Samarinda, Wakil Kepala Kepolisian Daerah (Wakapolda) Kalimantan Timur Brigjen Pol Adrianto Jossy Kusumo, S.H., M.Han., memimpin langsung Apel Konsolidasi Pengamanan Aksi Unjuk Rasa yang digelar di Lapangan Markas Komando (Mako) Polresta Samarinda pada Senin (02/03/2026). Kegiatan apel ini bertujuan untuk memastikan kesiapsiagaan personel kepolisian dalam mengamankan aksi yang akan dilakukan oleh mahasiswa Badan Eksekutif Mahasiswa Kongres Mahasiswa Universitas Mulawarman (BEM KM UNMUL) yang tergabung dalam Aliansi Gerakan Rakyat Menggugat.
Dalam amanatnya saat memimpin apel, Wakapolda Kaltim menekankan pentingnya menjalankan tugas dengan penuh tanggung jawab, serta tetap menjunjung tinggi prinsip humanis dalam menangani setiap aktivitas unjuk rasa. Menurutnya, kepolisian memiliki peran ganda yaitu menjaga keamanan dan ketertiban umum, sekaligus melindungi hak warga negara untuk menyampaikan pendapat sesuai dengan ketentuan hukum yang berlaku.
“Kita sebagai aparatur kepolisian harus siap siaga dan bekerja secara profesional. Tugas kita bukan hanya mengamankan, tetapi juga memastikan bahwa setiap aksi unjuk rasa berjalan dengan damai, aman, dan tidak mengganggu aktivitas masyarakat lainnya. Penanganannya harus tetap humanis, menghargai martabat setiap individu, dan berdasarkan kaidah hukum yang berlaku,” ujar Brigjen Pol Adrianto Jossy Kusumo.
Apel konsolidasi yang diikuti oleh ratusan personel dari berbagai satuan di Polresta Samarinda juga menyampaikan beberapa poin penting terkait tata cara penanganan aksi unjuk rasa. Di antaranya adalah melakukan koordinasi yang baik dengan panitia penyelenggara aksi, memberikan arahan yang jelas terkait rute yang akan dilalui, serta siap menangani segala kemungkinan yang terjadi dengan cepat dan tepat.
Kepala Polresta Samarinda yang turut hadir dalam acara tersebut menambahkan bahwa pihaknya telah melakukan persiapan matang, termasuk menyediakan posko pengamanan dan tim bantuan yang siap merespons setiap kondisi.

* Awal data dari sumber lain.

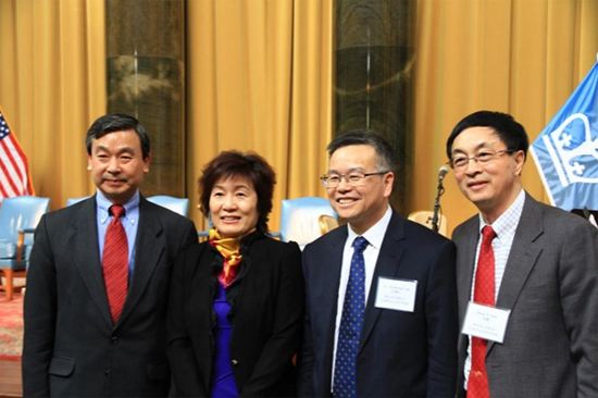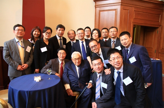 左起:Lee Bollinger教授,基辛格博士,Ivy Wu女士,Stanley Chang教授,Lee Goldman教授
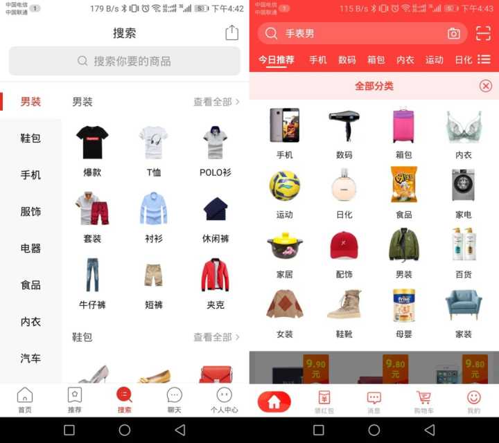 相比而言,拼多多在分类页的呈现上更为精细,以男装为例,拼多多的分类页上,可以直接看到,T恤,POLO衫,牛仔裤,短裤等二级类目,用户可以更精准的达到自己需要的商品,而这一点,淘宝特价版就稍差一些。

Personel yang akan bertugas juga telah mendapatkan pembekalan terkait protokol penanganan aksi unjuk rasa yang humanis dan sesuai dengan standar operasional prosedur (SOP) kepolisian.

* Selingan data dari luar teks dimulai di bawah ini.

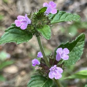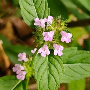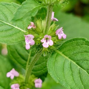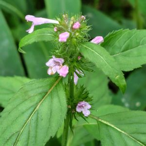 クルマバナ(車花) シソ科トウバナ属の多年草 和名の由来は花が数段の仮輪に輪生することから。 葉脈の深さ、仮輪の大きさや毛の量など変化が多い。 低地~低山の里山の日当たり良い湿った草地に生育する多年草。 茎は4稜あり、高さ20~80cm、まばらに下向きの毛が生える。 葉は卵形~狭卵形、長さ2~4cm、幅1~2.5cm、鋭頭鈍端、鋸歯があり、基部は円く、5~15mmの葉柄がある。 小苞は線形で長さ5~8mm、開出する長毛がある。萼は長さ6~8mm、紅紫色を帯びることが多く、開出毛がある。 花冠は長さ6~10mmで淡紅色~紅紫色。分果は平滑で長さ約1mm。

“Kami telah melakukan koordinasi awal dengan pihak penyelenggara aksi untuk memastikan keselamatan semua pihak. Personel kami telah dilatih untuk menghadapi berbagai situasi dengan sikap yang tepat, sehingga aksi unjuk rasa dapat berjalan dengan lancar dan damai,” jelas Kapolresta Samarinda.
Sebelum apel diakhiri, Wakapolda Kaltim mengajak seluruh personel untuk bekerja sama secara sinergis, menjaga komunikasi yang baik antar satuan, serta selalu menjaga citra positif kepolisian di mata masyarakat. Ia juga berharap agar aksi unjuk rasa yang akan dilakukan dapat menjadi wadah yang konstruktif untuk menyampaikan aspirasi, serta tidak menimbulkan kerusuhan atau kerugian bagi siapa pun.
“Mari kita bersama-sama menjaga kedamaian dan ketertiban di Samarinda. Semoga aksi unjuk rasa yang akan datang berjalan dengan lancar, dan kita dapat menunjukkan bahwa kepolisian dan masyarakat dapat bekerja sama untuk mencapai tujuan yang baik,” pungkas Wakapolda Kaltim dalam penutup amanatnya.